**REQUIRED WORK**
Lines from the one with "72120077 alte Postkarte" up to and including the one with "乘着海风,头顶蓝天,椰林在左" are to be copied exactly from the records below, without their pictures.

**GIVEN ENTRIES**
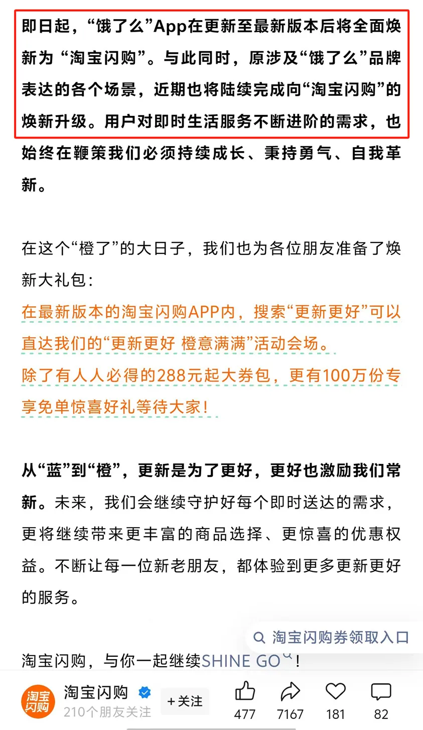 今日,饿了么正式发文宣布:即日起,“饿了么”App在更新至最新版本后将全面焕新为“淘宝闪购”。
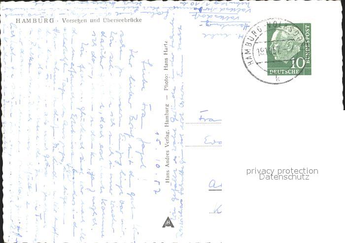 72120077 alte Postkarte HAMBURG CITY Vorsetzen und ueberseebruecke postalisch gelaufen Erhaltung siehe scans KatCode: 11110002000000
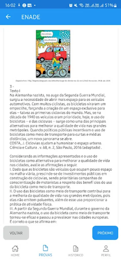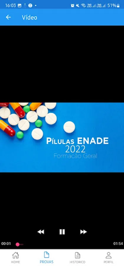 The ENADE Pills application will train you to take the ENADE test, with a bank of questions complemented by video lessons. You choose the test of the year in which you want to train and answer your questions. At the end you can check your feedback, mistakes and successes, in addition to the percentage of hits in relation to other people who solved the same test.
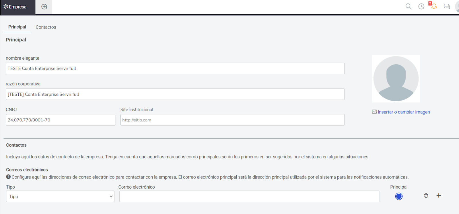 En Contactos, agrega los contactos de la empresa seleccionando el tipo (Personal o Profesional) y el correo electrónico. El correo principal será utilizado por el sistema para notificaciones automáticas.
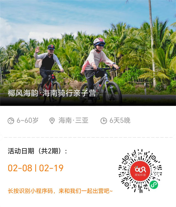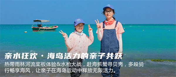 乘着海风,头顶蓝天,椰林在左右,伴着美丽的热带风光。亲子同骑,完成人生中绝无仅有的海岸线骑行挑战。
...
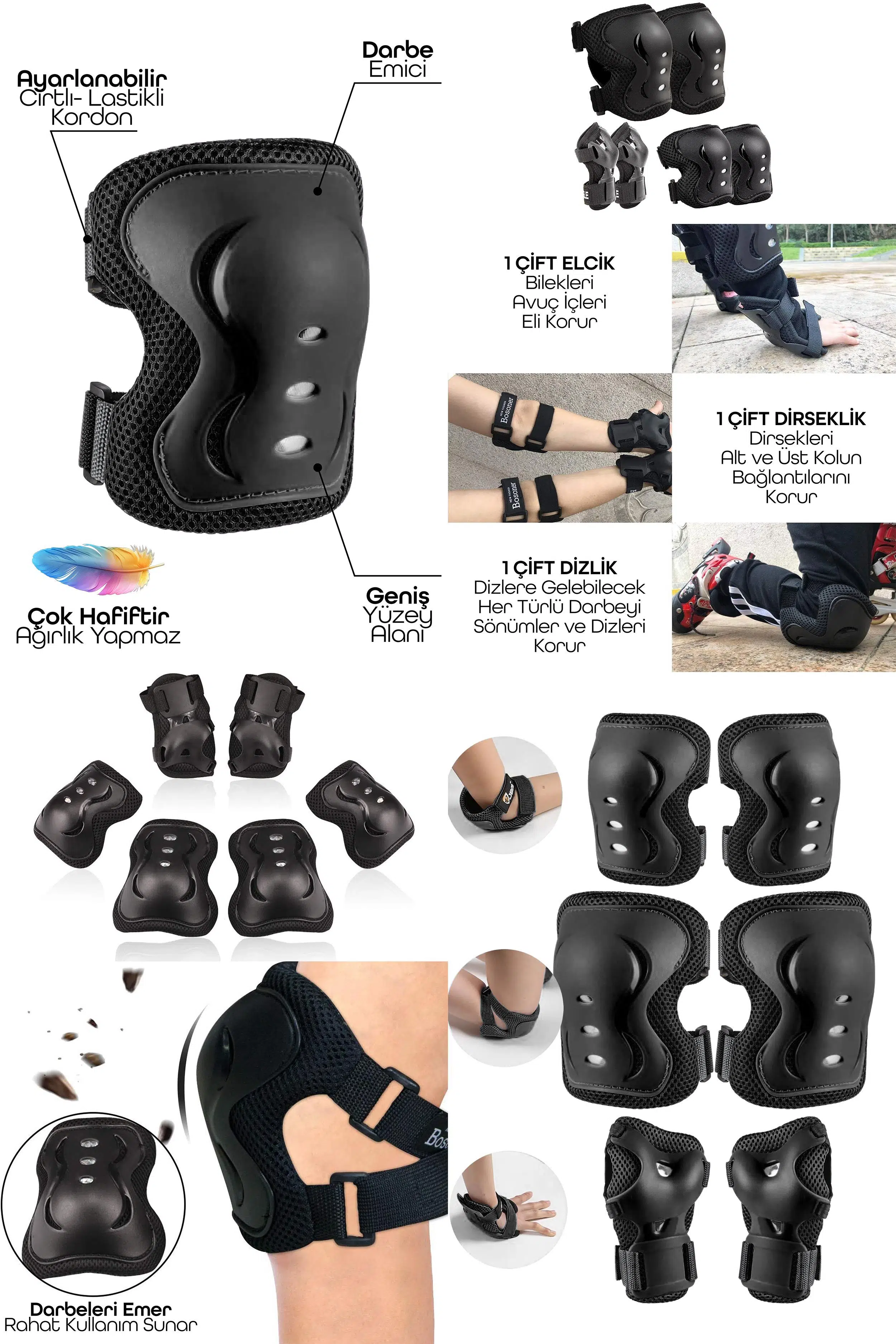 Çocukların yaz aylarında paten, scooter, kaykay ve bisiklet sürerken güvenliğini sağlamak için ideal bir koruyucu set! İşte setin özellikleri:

**ANSWER TO THIS TASK**
 72120077 alte Postkarte HAMBURG CITY Vorsetzen und ueberseebruecke postalisch gelaufen Erhaltung siehe scans KatCode: 11110002000000
 The ENADE Pills application will train you to take the ENADE test, with a bank of questions complemented by video lessons. You choose the test of the year in which you want to train and answer your questions. At the end you can check your feedback, mistakes and successes, in addition to the percentage of hits in relation to other people who solved the same test.
 En Contactos, agrega los contactos de la empresa seleccionando el tipo (Personal o Profesional) y el correo electrónico. El correo principal será utilizado por el sistema para notificaciones automáticas.
 乘着海风,头顶蓝天,椰林在左右,伴着美丽的热带风光。亲子同骑,完成人生中绝无仅有的海岸线骑行挑战。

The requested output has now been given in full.